Did you know that multimillions of Georgia taxpayer dollars in recent years have been poured into refugee resettlement programs and that the Peach State has one of the highest influx rates in the nation?
When then-President Jimmy Carter signed the Refugee Resettlement Act into law in 1980 it was well-intentioned. Now it is outdated, costly and due for a drastic overhaul.
The law provided for 70,000 legal refugees per year to enter with a fast-track toward citizenship. The U.S. State Department was supposed to screen applicants for communicable diseases and security threats-- and the refugees were supposed to be designated as fleeing from brutal treatment due to their religious and political beliefs. This is no longer the case.
Our country’s refugee screening has basically been turned over to the United Nations, with the UN Office of the High Commissioner for Refugees determining who meets the “refugee” definition. Ninety-five percent of the refugees arriving are referred by this agency, says researcher Edwin Rubenstein. Even more incredible, he found that the top 10 countries of origin are Bhutan, Burma, Iraq, Somalia, Cuba, Congo, Iran, Eritrea, Sudan and Ethiopia. Clearly, the UN’s definitions and priorities are quite different from those of the average Georgian or American!
The designation of “refugee” is now most often given to everyone in an entire class of people who are deemed victims of “discrimination.” An individual need not prove personal hardship.
Religious agencies receive taxpayer funds for every refugee they get the UN to recommend for admission. Then the refugees are all too often sent to communities without warning or preparation— and DeKalb County has been a favorite dumping ground. The program has brought into Georgia over 66,000 refugees who average having four children per year. Georgia now has the third generation of refugees who are eligible to vote-- with a potential voting population of over 150,000.
In 2010 the welfare cost to Georgians was $17 million, according to the Department of Health and Human Services. Counties chipped in $4 million of your money-- most of which came from your property taxes. The federal government pays most of the cost for 90 days. Then Georgians absorb the welfare cost in perpetuity. Estimates show that our state’s welfare cost is now approaching $40 million annually and rising exponentially.

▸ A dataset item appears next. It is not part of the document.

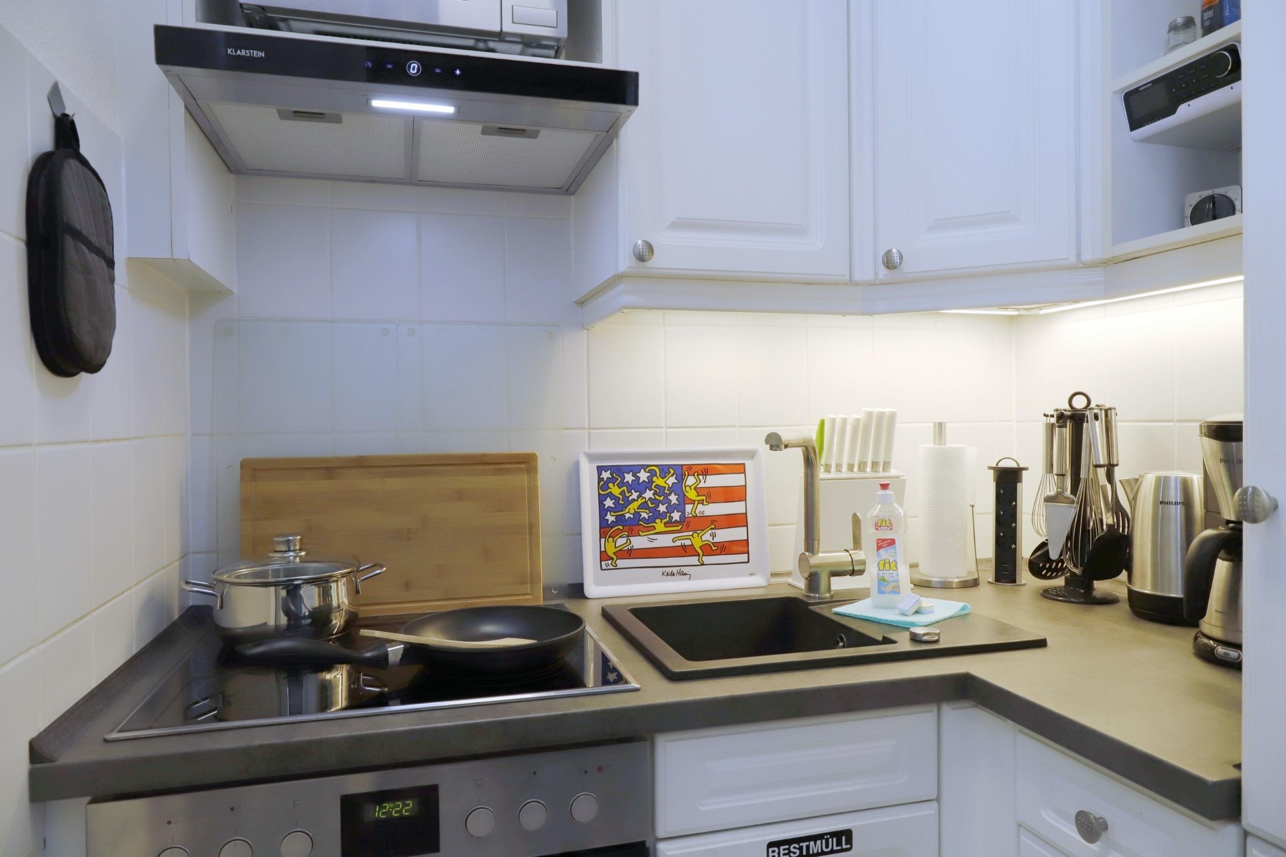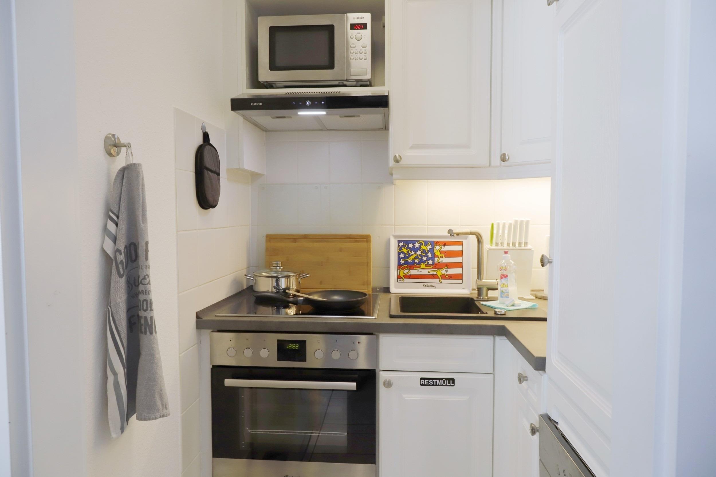 Im Urlaub kochen? Los geht´s, die Küche ist gut ausgestattet, sogar mit einer Spülmaschine und befindet sich gegenüber dem Essbereich. Sie ist in einer Nische und offen gehalten, ausgestattet mit einem Cerankochfeld, Backofen, Mikrowelle, Kaffeemaschine, einem Kühlschrank mit Gefrierfach, Wasserkocher, Toaster und einem Radio.

Consider what has happened just in DeKalb County. Its schools must provide costly instruction in over 100 languages. Now other school systems are grappling with this growing language burden, especially with the border surge of Central American minors who are being shipped to Georgia.
To his credit, Gov. Nathan Deal asked the State Department two years ago to stop sending more refugees to Georgia. It temporarily agreed, but now the influx has restarted. So the level of taxpayer funding in our state budget to support refugee resettlement is now approximately $9,700,000.
The bottom line: Georgia does not have to participate. It doesn’t have to accept the federal money. Research shows that if a state legislature cuts off the money the influx shifts to another state. When Indiana and other states cut off the money the welfare-minded refugee population quickly moved to greener pastures. There is another factor to consider. Of the Georgia refugees who do want to work, according to HHS, only 40 percent are still working after 90 days. At the end of a year, only 18 per cent still work and there is a rapid drop-off soon thereafter.
Several Democrat lawmakers joined the Republican governor to try to temporarily stem this refugee tide into our state. But why doesn’t the General Assembly just simply curb this refugee influx by cutting off the money flow?
Joe Newton is chairman of Citizens for Refugee Resettlement Relief in Georgia.